Pemerintah Jepang juga memberikan pelatihan antisipatif di sekolah-sekolah kepada seluruh warganya agar siap dan tahu apa yang bisa dilakukan saat terjadi gempa dan menjelang tsunami.
Indonesia punya Badan Meteorologi, Klimatologi, dan Geofisika (BMKG) dan tidak punya badan teologis penanggulangan bencana. Meskipun akan terjadi bencana, pemimpin Indonesia (juga masyarakat terdidik dalam sains modern) tidak akan meminta memperbaiki akhlak, berdoa, bersabar penuh keikhlasan pada rakyat Indonesia, seraya mengabaikan penyelidikan empiris dan rekomendasi saintifik sebagai bentuk strategi (rekayasa) penyelamatan dan antisipasi bencana alam.

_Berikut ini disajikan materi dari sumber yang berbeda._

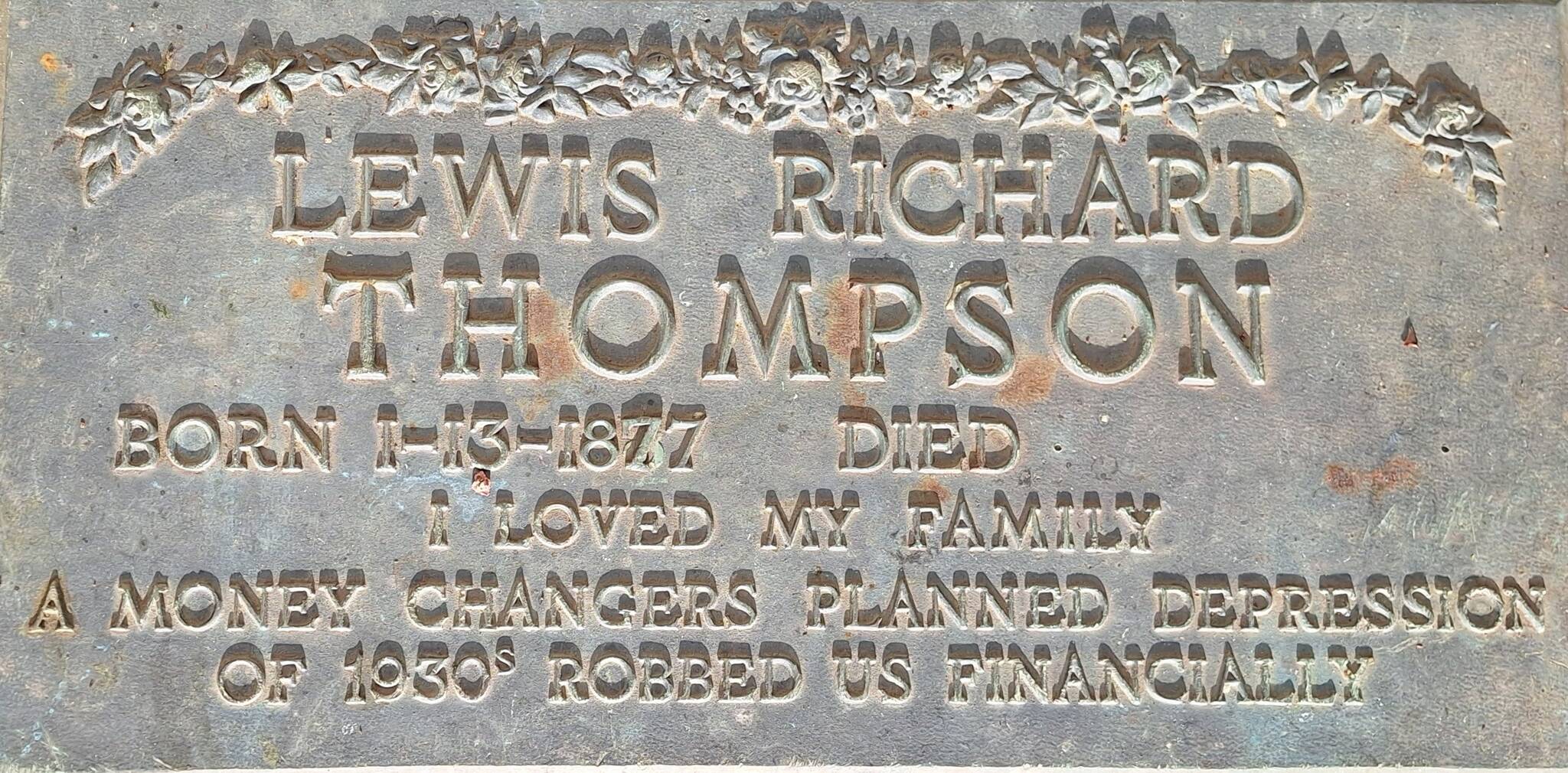Even then, there were conspiracy theories out there. A member of my family, Lewis R. Thompson, had his grave marker made well before his death. On it was written, “A money changers planned depression of 1930s robbed us financially.” Lew’s family made it clear that they would not use that grave marker when he died. Lew died in 1974, and his official grave marker has only name and dates on it. The offending grave marker currently sits quietly beside my house. (Yes, that is a level of weird.)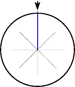 The surveyor's wheel is marked in fractional increments of revolution from a reference position. Thus its current position can be represented as a fraction of a revolution from this reference. If the wheel rotated a full turn (360 angular degrees), the distance traveled would be equal to the circumference of the wheel. Otherwise, the distance the wheel traveled is the circumference of the wheel multiplied by the fraction of a full turn. In the figure on the right, the blue line is the reference starting point. As the wheel turns during measurement, it is seen that the wheel sweeps out an angle of 3π/4 radians, which is equal to 135 degrees or 3/8 of a full turn.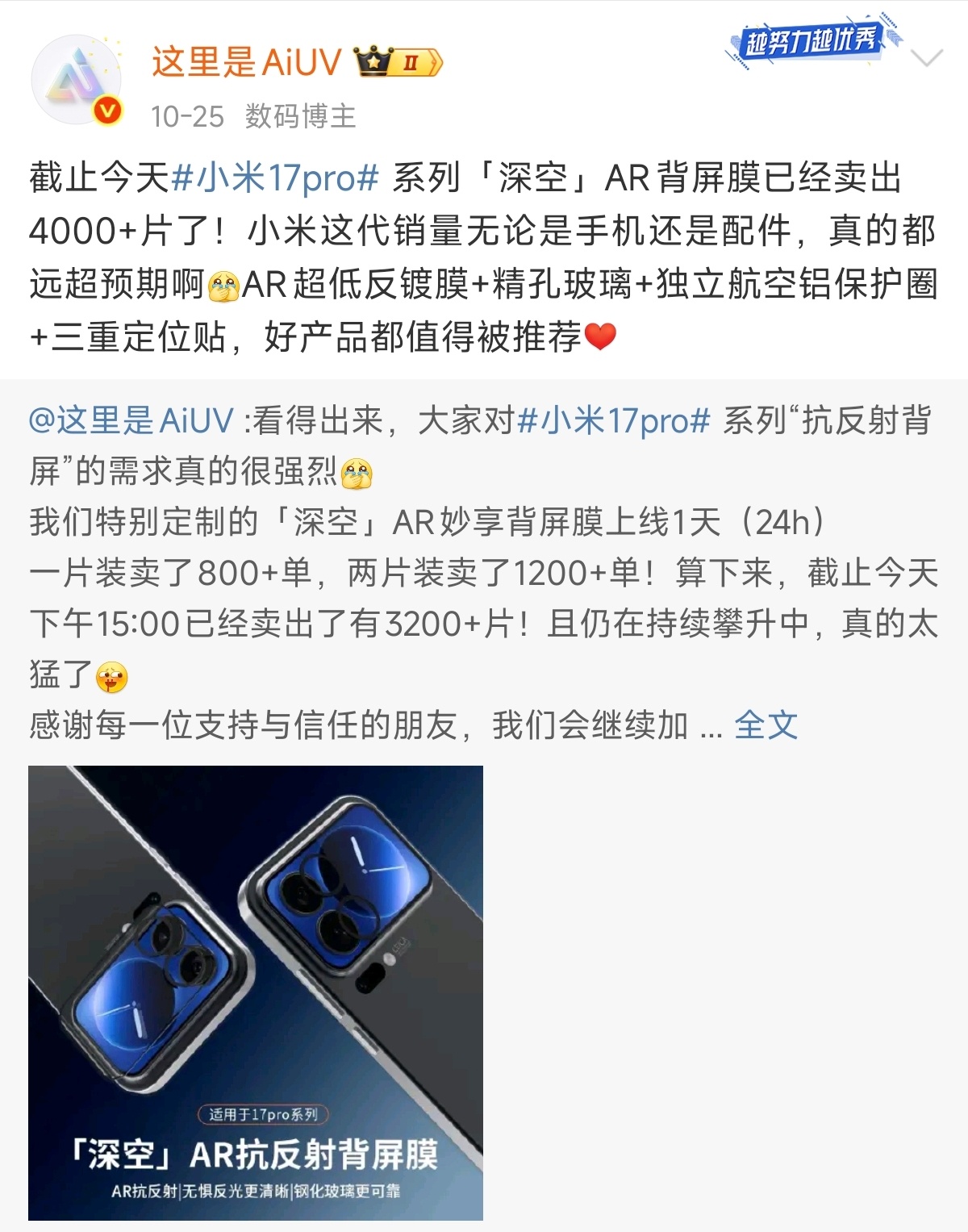 这都是排除官网壳膜,排除“裸奔”用户,只购买第三方壳膜的几个在微博上活跃的优秀第三方。这样的销售数据,连他们都在感叹以后很难打破。

Tentu kita masih bakal tetap bertemu orang yang begitu cerdas-fanatik membuat vonis teologis. Ini akan menjadi beban dan rintangan sosial yang harus dihadapi pemerintah Indonesia (BMKG) dalam menghadapi bencana alam. Selama ini, tampaknya masyarakat masih lebih percaya ucapan mereka daripada pengetahuan sains modern (Kompas, 28/12/2018).
Dualisme pemahaman dan pola pendidikan yang ada di Indonesia, terutama dalam/terhadap sains modern, masih akan menjadi penghalang yang berat dan tinggi. Kita masih akan mendapati rekomendasi sains yang diabaikan pada tahun-tahun mendatang.
Tentu saja yang sungguh sangat penting, seperti tiap agama yang tidak pernah memperbedakan untuk siapa ia ada, adalah bahwa tiap kali terjadi malapetaka kepada manusia, adalah sungguh luhur jika membantunya sebisa dan semampu kita. Apa pun agama atau corak pikir yang dianutnya. Itulah tindakan manusia beragama di atas muka bumi ini.